- [TASK INSTRUCTIONS]:
Return each line of the listing exactly, though without its images.

- [DATA BELOW]:
_ _ _ _ _

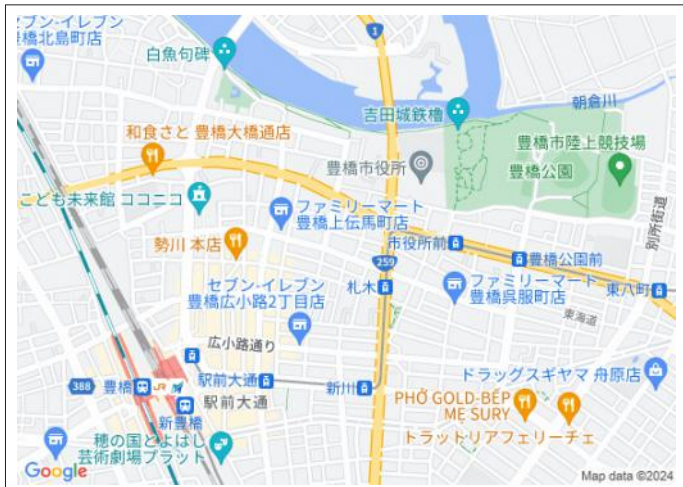
写真 23号線、1号線へアクセス良好。通勤やお出掛けに便利です!
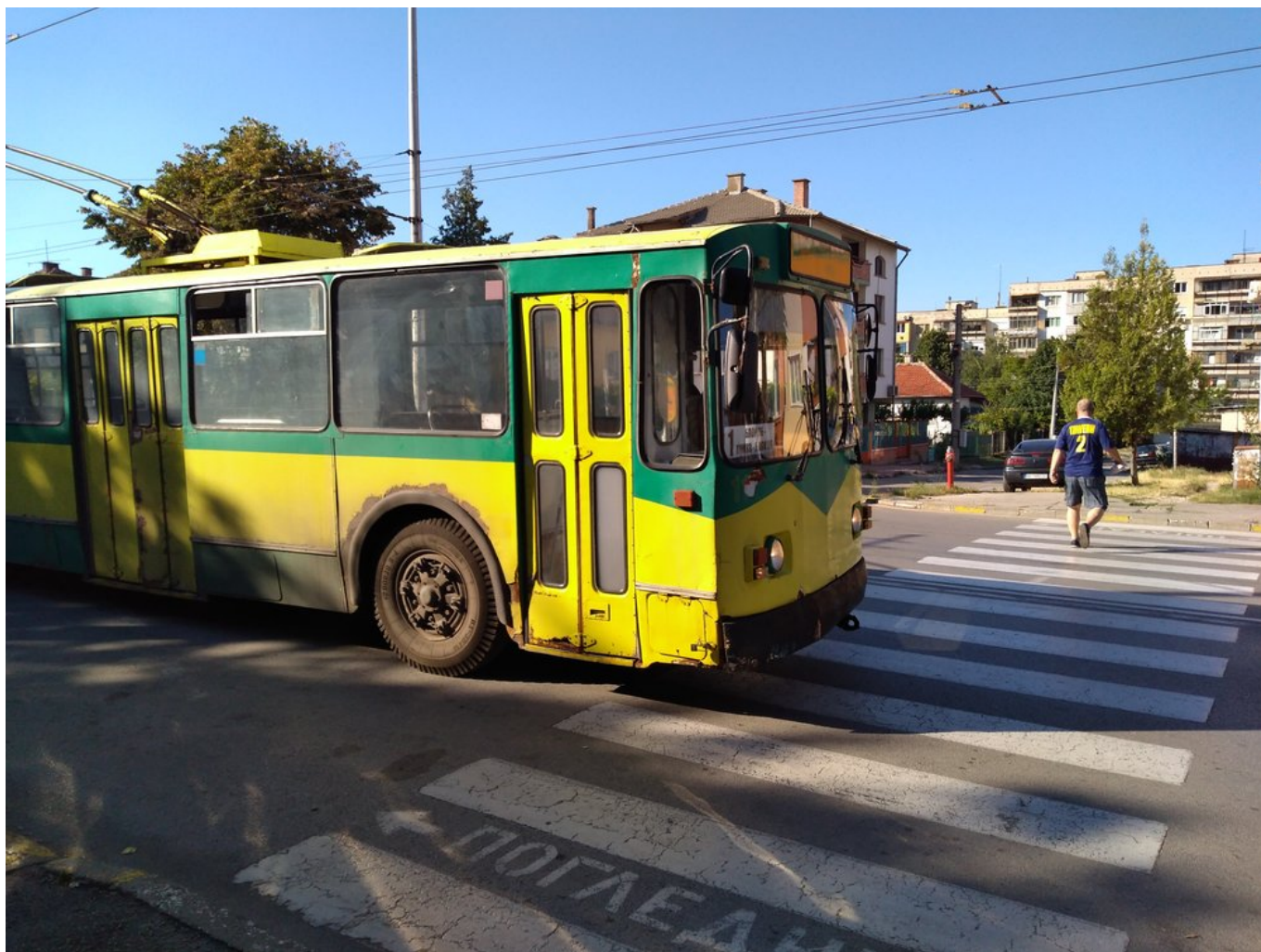
Zastávka Ž. K. Mladost' ve východní části města.
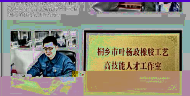
桐乡市叶杨政橡胶工艺高技能人才工作室
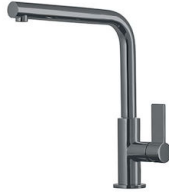
VERONA GUN METAL R497 S56

_ _ _ _ _

- [ANSWER SPACE]:
写真 23号線、1号線へアクセス良好。通勤やお出掛けに便利です!
Zastávka Ž. K. Mladost' ve východní části města.
桐乡市叶杨政橡胶工艺高技能人才工作室
VERONA GUN METAL R497 S56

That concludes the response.